What is Mining? An introduction to Mining

Materials:

  • Google Slides (Public) – this presentation will outline what mining is, where it occurs, types of mines, what commodities are mined in the United States, and covers mining in New Jersey. Maps are from the CDC
  • What is mining?  (pdf) – this is a guided handout that students will take notes on as we discuss mining

Chocolate Chip Cookie Mining Simulation

cookiemining
Cookie Mining – with an example of cookies used for the activity.

Materials:

This is one of my favorite activities from our minerals and mining unit. It takes about 1 whole class period to explain the activity, collect data, eat the cookie (& crumbs), and clean up. We discuss our results the next class and determine who made the most profit.

When determining the value of the chocolate ore, I have the students place their chocolate pieces close together in one area of the map. When they are done, I go around and circle the area of chocolate and give their chocolate a rating. They count the number of boxes their chocolate covers and enter it into their spreadsheet.

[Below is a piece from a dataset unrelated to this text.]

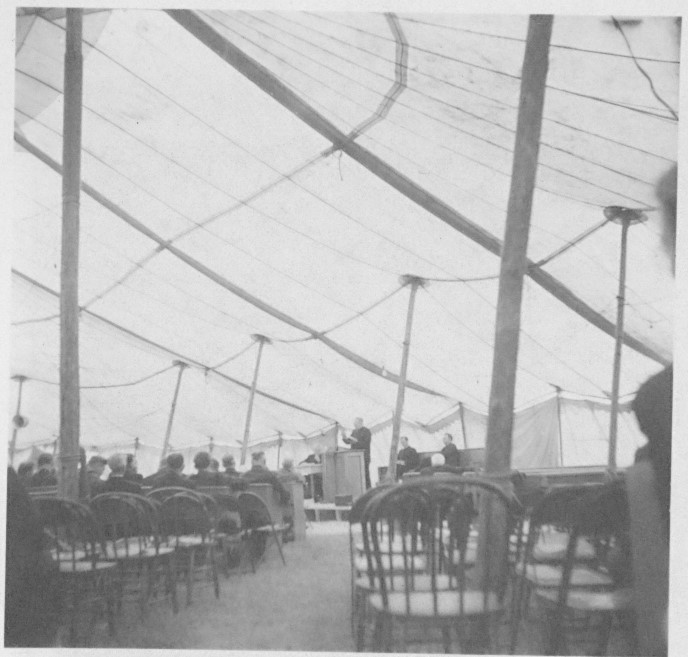 Caption: July, 1947. Conference at Fairview. Indiana-Michigan Conference. Citation: Mennonite Community Photographs, 1947-1953: Conference. HM4-134 Box 1 Photo 063-1. Mennonite Church USA Archives - Goshen. Goshen, Indiana.

If there are crumbs attached to the chocolate, I call that ‘slag’ and it lowers the value of the chocolate ore. This leads to a great discussion afterwards when we compare the profits and talk about land use. Is it better to get out as much chocolate as you can, even if you get a lot of slag, or is it better to remove just the chocolate even though you will have less in the end? How is this similar to coal mining? Diamond mining?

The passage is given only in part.